ALTER TABLE high_churn_table SET (
    autovacuum_vacuum_scale_factor = 0.01,
    autovacuum_analyze_scale_factor = 0.005,
    autovacuum_vacuum_cost_delay = 2
);

Disk Usage and Table Bloat Analysis

Understanding disk usage at the table and index level helps you plan capacity and identify bloat.

-- Table and index sizes
SELECT
    schemaname,
    tablename,
    pg_size_pretty(pg_total_relation_size(schemaname || '.' || tablename)) AS total_size,
    pg_size_pretty(pg_relation_size(schemaname || '.' || tablename)) AS table_size,
    pg_size_pretty(
        pg_total_relation_size(schemaname || '.' || tablename) -
        pg_relation_size(schemaname || '.' || tablename)
    ) AS index_size
FROM pg_tables
WHERE schemaname = 'public'
ORDER BY pg_total_relation_size(schemaname || '.' || tablename) DESC;

For bloat estimation, this query compares the actual table size against what it should be based on live tuple counts:

SELECT
    current_database(),
    schemaname,
    tablename,
    pg_size_pretty(pg_relation_size(schemaname || '.' || tablename)) AS table_size,
    n_live_tup AS live_tuples,
    n_dead_tup AS dead_tuples,
    round(
        CASE WHEN n_live_tup > 0
            THEN n_dead_tup::numeric / n_live_tup * 100
            ELSE 0
        END, 2
    ) AS bloat_pct
FROM pg_stat_user_tables
    JOIN pg_tables USING (schemaname, tablename)
WHERE schemaname = 'public'
ORDER BY n_dead_tup DESC;

PostgreSQL Logging Configuration

The right logging settings are essential for post-incident analysis. Add these to postgresql.conf:

# Log slow queries (anything over 500ms)
log_min_duration_statement = 500

# Log all DDL statements
log_statement = 'ddl'

# Log connection and disconnection events
log_connections = on
log_disconnections = on

# Log lock waits
log_lock_waits = on
deadlock_timeout = 1s

# Log checkpoints
log_checkpoints = on

# Log temporary file usage (queries spilling to disk)
log_temp_files = 0

# Structured output for log aggregation
log_line_prefix = '%m [%p] %q%u@%d '
logging_collector = on
log_directory = 'pg_log'
log_filename = 'postgresql-%Y-%m-%d.log'
log_rotation_age = 1d

Setting log_min_duration_statement to 500ms will capture slow queries without generating excessive log volume. Adjust based on your workload. For high-throughput OLTP systems, 1000ms might be more appropriate. For analytical workloads, 5000ms or higher.
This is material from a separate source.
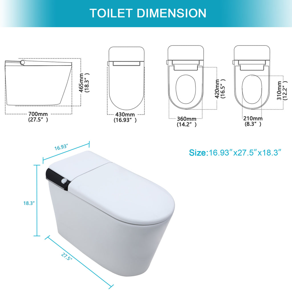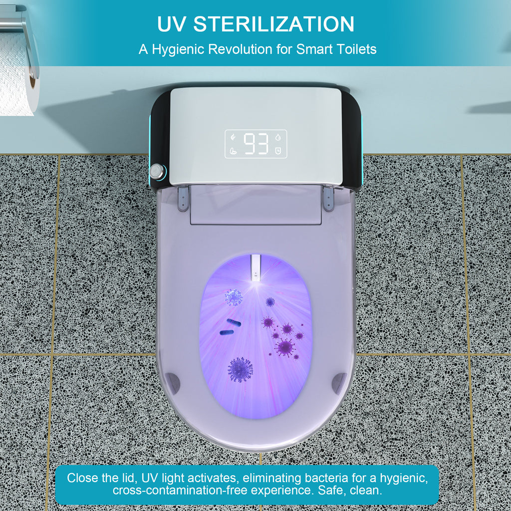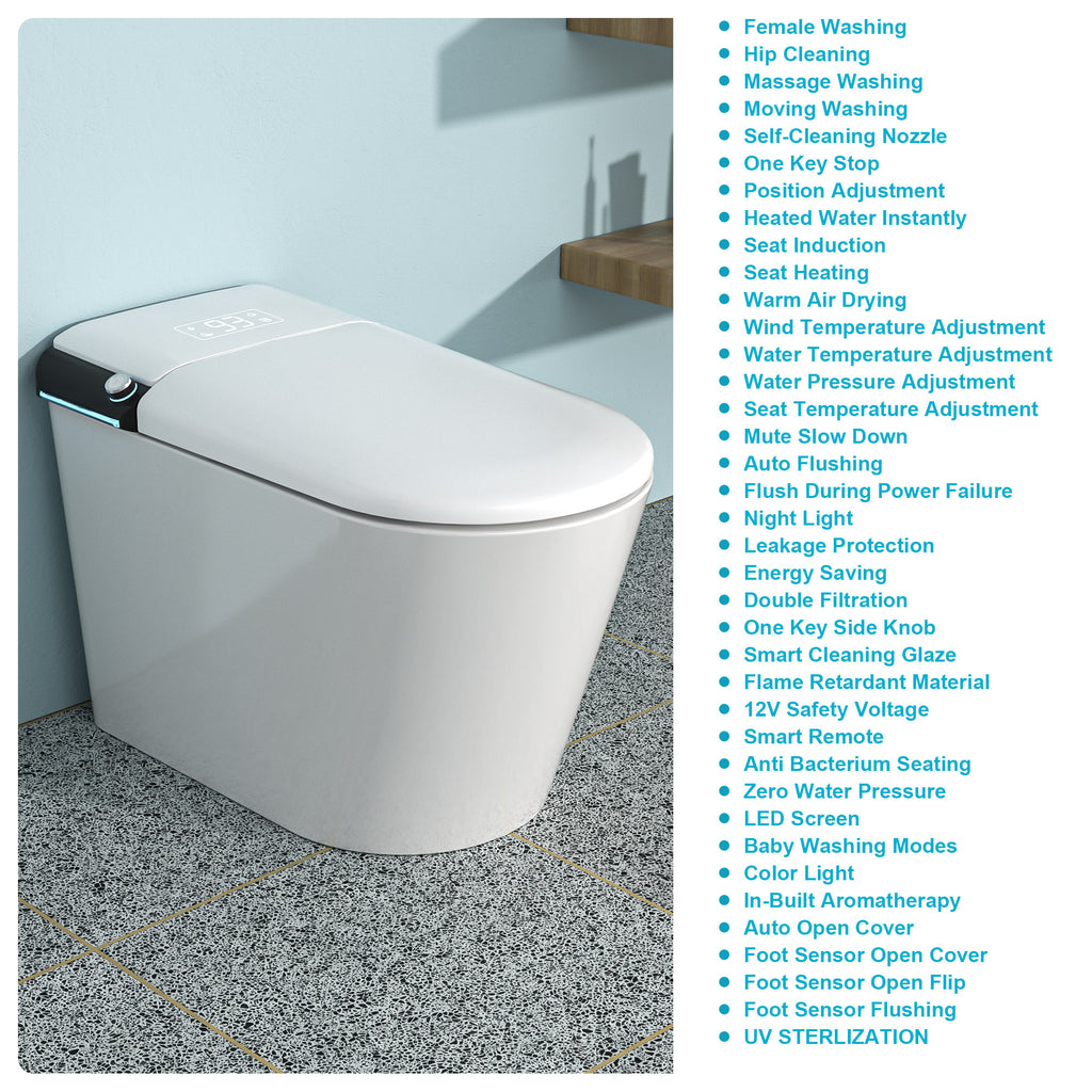 - Automatic Flush Toilet: Our smart toilet's four flush options: Foot Sensor Flushing, automatic Off-seat Flushing, plus easy Side Button or Remote Control Flush. No more bending or forgetting! Just wave your foot, sit, or use the buttons/remote to flush. Totally hands-free and easy peasy.

Connection Pool Monitoring

If you are using PgBouncer (and you should be for any production Node.js application), monitor its internal statistics:

-- Connect to PgBouncer admin console
-- psql -p 6432 -U pgbouncer pgbouncer

SHOW POOLS;
SHOW STATS;
SHOW CLIENTS;
SHOW SERVERS;

From Node.js, you can query PgBouncer stats programmatically:

var pg = require('pg');

var bouncerPool = new pg.Pool({
    host: 'localhost',
    port: 6432,
    database: 'pgbouncer',
    user: 'pgbouncer'
});

function getPgBouncerStats(callback) {
    bouncerPool.query('SHOW POOLS', function(err, result) {
        if (err) {
            return callback(err);
        }
        var stats = result.rows.map(function(row) {
            return {
                database: row.database,
                user: row.user,
                activeConnections: parseInt(row.cl_active, 10),
                waitingConnections: parseInt(row.cl_waiting, 10),
                serverActive: parseInt(row.sv_active, 10),
                serverIdle: parseInt(row.sv_idle, 10),
                poolMode: row.pool_mode
            };
        });
        callback(null, stats);
    });
}

Integrating with Prometheus and Grafana

For production systems, you want metrics flowing into a time-series database. The postgres_exporter is the standard Prometheus exporter for PostgreSQL.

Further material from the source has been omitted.